For initial understanding of why racquet needs to be set up differently for Under Spin than for Top Spin, I like to demonstrate and have students acknowledge the way the racquet can work just by touching the bottom of the ball, same exact way it works, when you bounce the ball up in the air with racquet face flat open up to the sky or the ceiling. Players do not need to swing the racquet prior to the contact, they don’t even need to hit the ball. All they need to do is to hold the racquet as straight as possible and grip/squeeze it gently to tap the ball at the time it lands on the strings. Racquet can be absolutely still and work as a trampoline. The degree of gripping makes the ball bounce higher or lower.
Just like I am using the previous post to make it easier for readers to understand why we need to do something different to intercept the ball out of the air than when we swing all the way from the base line, I do a lot of warm up drills. Simple “Flip-Flops” in the air help players to understand how light “tapping” and “gripping still racquet” can control the ball. Once the feeling of just a “tap” or a “touch” become trust worthy players stay motivated longer when volleying doesn’t work right away. They need to have some vision and belief to handle failures when learning to volley. Managing the degree of gripping or squeezing the racquet at the contact point comes with practice, of course. Understanding what to practice makes it much more productive, usually.

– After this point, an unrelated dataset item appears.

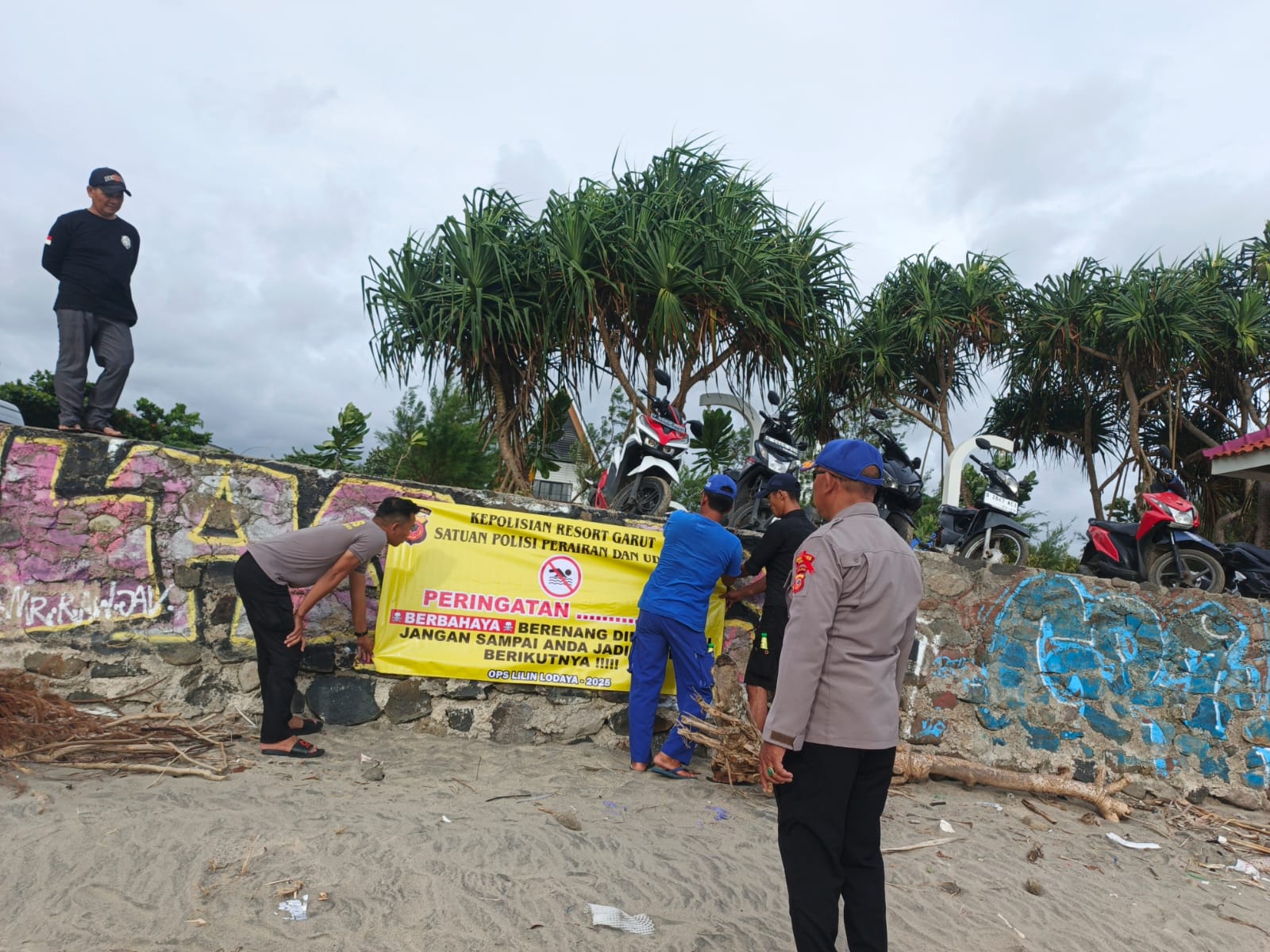 Selain memberikan himbauan secara langsung, personel Sat Polairud Polres Garut juga melakukan pemasangan spanduk larangan berenang di titik-titik pantai yang dinilai berbahaya.

Turning sideways to the ball is the first part of the “Clean Under Spin Spin Response,” same as for the Top Spin. Down the road turning for volleys can be modified to a bare minimum and in some cases eliminated. It would all depend on the situation in the point and the way the ball comes requires something instant, intuitive, and often even unorthodox. Same with the height of the contact point and the degrees of bending knees and lifting or dropping arms. But, in my opinion, at the time of initial learning turning sideways to the ball is absolutely important. Players need to picture and believe in turning sideways to the ball to understand the reasons and the benefits turning provides. One of the benefits is that turning sideways is a huge stimulation for the use of continental grip and keeping hands relaxed. One other huge benefit is the weight shift from two feet to one. That allows to start legs movement to the ball rather than bending over.
Opening the racquet face to a different degree is the second ingredient of “Clean Under Spin Response.” Unlike in the cases with Top Spin Responses, racquet stays in front of the torso. At least racquet handle. This way it can be applied to the ball sooner, when the time is limited. Together turning and opening racquet face create nice initial disposition to handle the ball in the air efficiently and with sharper purpose down the road. “Turn to open” is what I try to get into the kids’ system as much as possible and as soon as possible.